This 2019 article by NASA's Exoplanet Exploration Program talks about the exciting new ways the TESS spacecraft will be planet hunting in Earth's "celestial neighborhood". According to astronomer Lisa Kaltenegger, a member of the TESS science team, "Some studies indicate that there are many rocky planets in the habitable zone of cool stars, like the ones in our catalog. We're excited to see what worlds we'll find."

This engaging 2018 article by astrophysicist Ethan Siegel (published in Forbes Magazine) explores how the James Webb Space Telescope (JWST) and the TESS mission are expected to revolutionize the hunt for exoplanets that might harbor life. It explains how highly sensitive new technologies can be used to detect atmospheric data in Earth-like planets around M-class stars. Astronomers will look for strong chemical "indicators of life": water, methane, and molecular oxygen. Let's hope the JWST launches in 2021 as planned!

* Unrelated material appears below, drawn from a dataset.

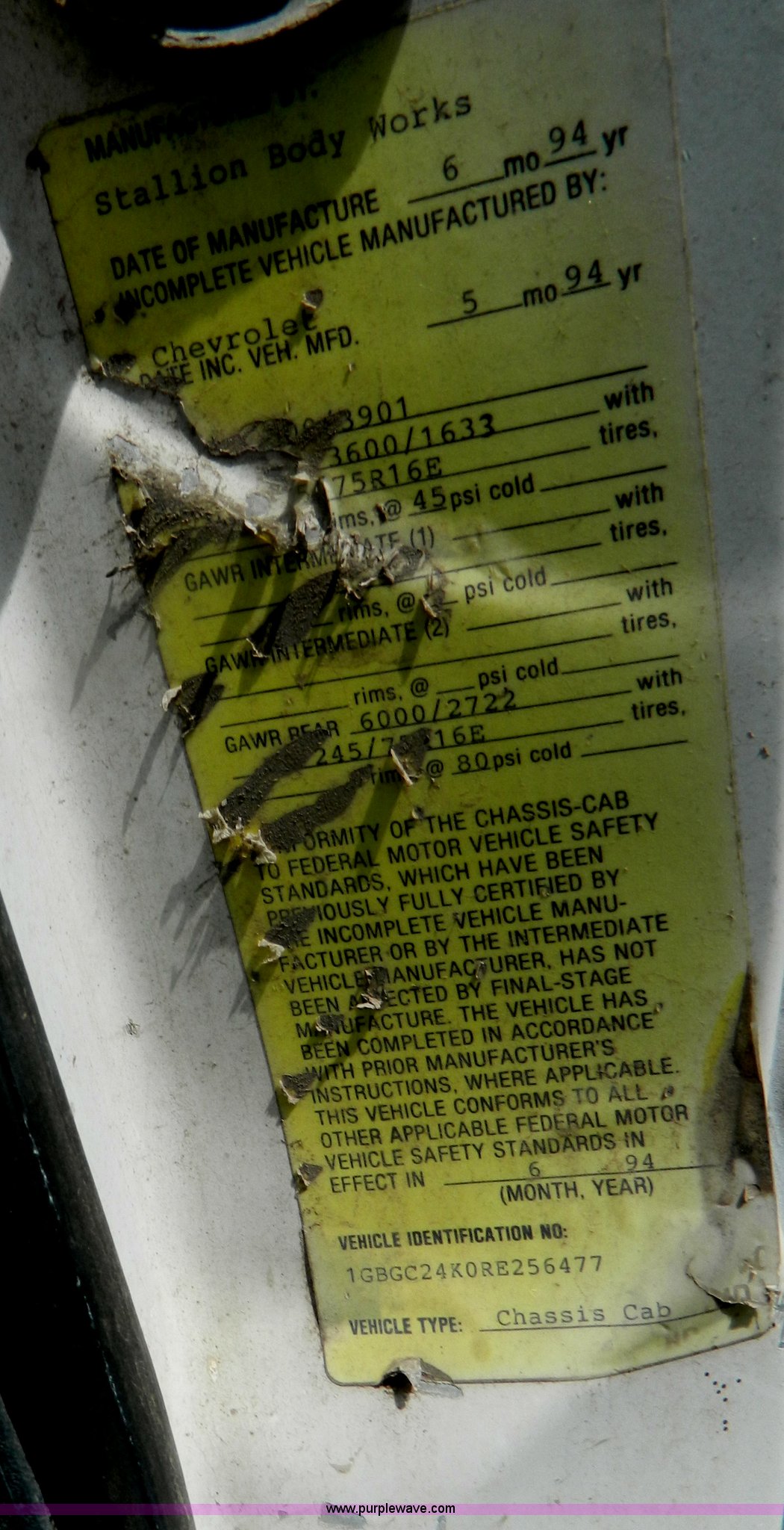 1994 Chevrolet 2500 utility pickup truck. 124,851 miles on odometer, 5.7L V8 gas engine, Four speed manual transmission with overdrive, AC and heat, AM/FM, Manual windows and locks, LT245/75R16 tires, Interior/exterior cosmetic damage, Paint peeling. Title distribution may be delayed up to 14 days from verification of funds. 1GBGC24K0RE256477. Shipping quotes available. Glassman Corporation. 900 Commerce Parkway. Hays, KS 67601

This news story, which broke in 2016, revealed the first atmospheric research on Earth-size planets within their star's habitable zone. The exoplanets, Trappist-1b and Trappist-1C, are "unlikely to have puffy, hydrogen-dominated atmospheres..." This is newsworthy because the lack of a smothering hydrogen-helium envelope "increases the chances of habitability on these planets", according to Nikole Lewis of the STSci Institute. How did scientists figure this out? They used spectroscopy to decode the light and get clues about the atmospheric composition of both Trappist planets.

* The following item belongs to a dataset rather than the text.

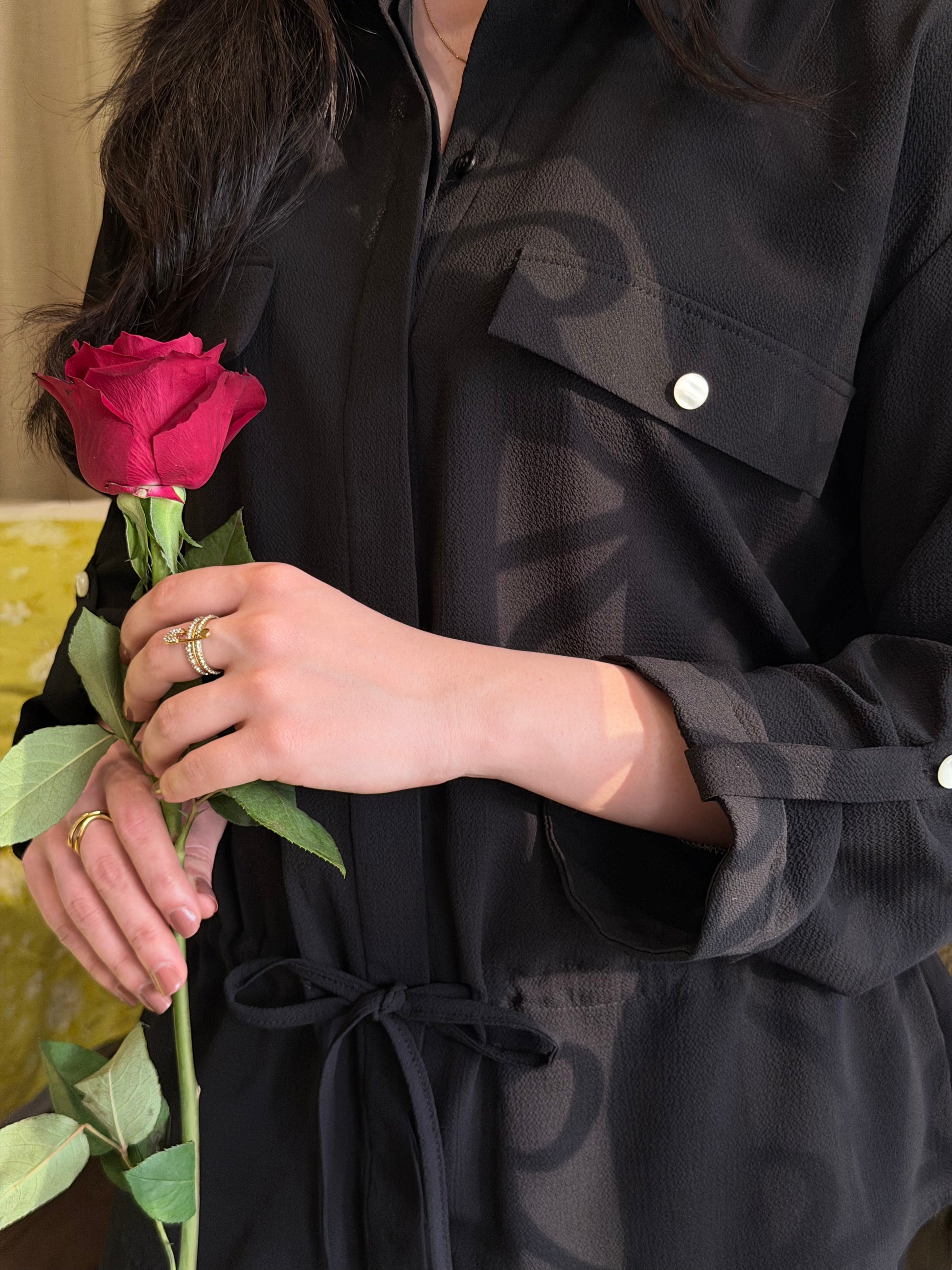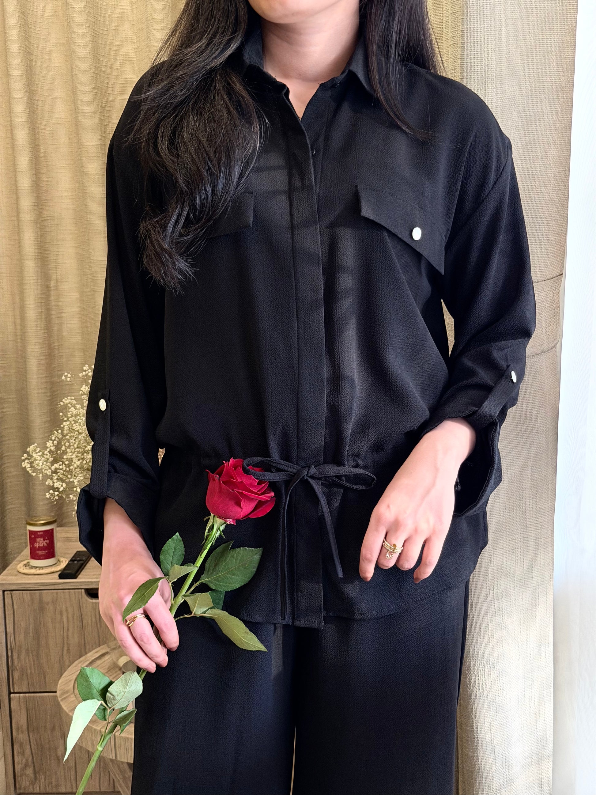A classy black two-piece outfit featuring a relaxed button up shirt with front flaps and roll-up sleeves, paired with straight wide bottoms The adjustable drawstring at the waist gives a nice cinched shape and flattering fit.

If you want to find candidates for potentially habitable exoplanets, you need to think about size (smaller), type of planet (rocky, not gas giant), distance from host star (habitable zone), and composition of the atmosphere. This article, released on April 15, 2019, shares the news that the Transiting Exoplanet Survey Satellite (TESS) discovered its first Earth-size world, orbiting a K-type star 53 light years away. The new planet is most likely rocky, circles very close to its star, and completes one orbit in just under 8 days! But the planet isn't in what scientists consider a "habitable zone": its surface is likely extremely hot. Its discovery is newsworthy because it could lead to the first mass measurement of an Earth-sized planet.

This 2-minute video reveals the discovery in late June, 2019, of the smallest planet yet spotted by NASA's Transiting Exoplanet Survey Satellite (TESS). The planet's size is between that of Earth and Mars. It's too close to its star to support life, but its size is in the "just right" range we're looking for. Launched in 2018, the TESS mission is conducting a two-year all-sky survey, expected to reveal thousands of similar exoplanets around nearby bright stars in what is known as Earth's "solar neighborhood".